The advantage of expressing these concepts mathematically, as well as verbally, is that the mathematical rendition keeps track of all the feedbacks and complex interactions that simply overwhelm our capacity to follow a complex causal process verbally, and they give us a means to provide a rough quantification of how strong those feedback effects are.
The failure to do this within Circuit Theory is why a simple confusion of stocks with flows–mistaking the stock of money for the flows that are initiated by a given stock of money over a year–has stymied for twenty years the development of Graziani’s brilliant insights into a workable theory. As I show in the talk above, the simple expression of the flows initiated by a loan are sufficient to solve all the “conundrums” of Circuit Theory. The conundrums were simply the product of applying the wrong type of analysis–simultaneous equations, “period analysis” with its implicit difference equation form, or worse still mere words–to the issue. A simple application of flow analysis in continuous time shows up all those conundrums for what they really are: confusions resulting from bad analysis and inappropriate analytic methods.
Now I also have to exhort my fellow Post Keynesians to learn at least some of the appropriate methods. Get out of the comfort zone of verbal exposition, historiography, simultaneous equations and graphical analysis–and even the much more sophisticated stock-flow consistent framework of Godley and Lavoie (While this method is certainly a major step in the right direction, using it to try to explain where profit comes from was rather like trying to understand how a horse runs, using photographs of a running horse taken at one hour intervals)–and learn differential equations, or systems dynamics, or computer programming.
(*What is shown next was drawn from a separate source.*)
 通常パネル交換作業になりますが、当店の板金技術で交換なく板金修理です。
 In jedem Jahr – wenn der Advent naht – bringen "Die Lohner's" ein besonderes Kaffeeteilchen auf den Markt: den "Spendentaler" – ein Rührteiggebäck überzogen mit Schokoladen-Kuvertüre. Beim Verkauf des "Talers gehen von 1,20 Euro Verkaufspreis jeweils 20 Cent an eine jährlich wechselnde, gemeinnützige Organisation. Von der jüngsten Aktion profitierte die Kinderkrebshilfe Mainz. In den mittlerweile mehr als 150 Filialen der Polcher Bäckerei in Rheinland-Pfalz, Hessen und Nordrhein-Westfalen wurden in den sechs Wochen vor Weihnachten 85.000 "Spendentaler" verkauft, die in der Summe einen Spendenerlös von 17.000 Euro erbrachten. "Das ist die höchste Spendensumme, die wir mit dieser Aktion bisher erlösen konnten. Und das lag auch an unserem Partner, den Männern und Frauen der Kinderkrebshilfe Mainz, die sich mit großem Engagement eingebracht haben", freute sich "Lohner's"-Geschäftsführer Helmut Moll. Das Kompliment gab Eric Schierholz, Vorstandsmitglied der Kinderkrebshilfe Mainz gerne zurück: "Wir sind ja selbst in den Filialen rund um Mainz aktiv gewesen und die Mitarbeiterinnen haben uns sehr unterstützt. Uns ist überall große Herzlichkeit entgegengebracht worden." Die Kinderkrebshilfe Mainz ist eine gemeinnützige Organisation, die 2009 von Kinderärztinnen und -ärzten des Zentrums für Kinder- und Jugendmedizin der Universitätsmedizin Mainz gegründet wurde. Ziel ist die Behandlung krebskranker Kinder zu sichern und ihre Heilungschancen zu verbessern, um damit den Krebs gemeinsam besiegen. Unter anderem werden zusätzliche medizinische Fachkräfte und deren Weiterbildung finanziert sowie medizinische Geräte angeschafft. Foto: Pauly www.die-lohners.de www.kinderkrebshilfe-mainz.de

It’s hard, but the effort is worth it. And if you don’t do it, then prepare to once again be dominated by neoclassical economists once the Global Financial Crisis has passed.
I’ll end on one very positive note: there was one exceptional piece of work done by a PhD student (who is also a full-time school teacher) Pascal Seppecher. He has developed a multi-agent model in Java that also simulates the monetary circuit, and reaches much the same result as I do from a differential equations perspective. His model is called Jamel: Java Agent-based MacroEconomic Laboratory. It’s a brilliant piece of work and I do recommend exploring it.
If a full-time school-teacher with a family can nonetheless acquire the skills and find the time needed to do quality work like this, then it’s high time academic Post Keynesians did the same. Sticking with what you are used to, when what you are used to merely lets you point out what “should be” done rather than actually doing it, is no longer good enough.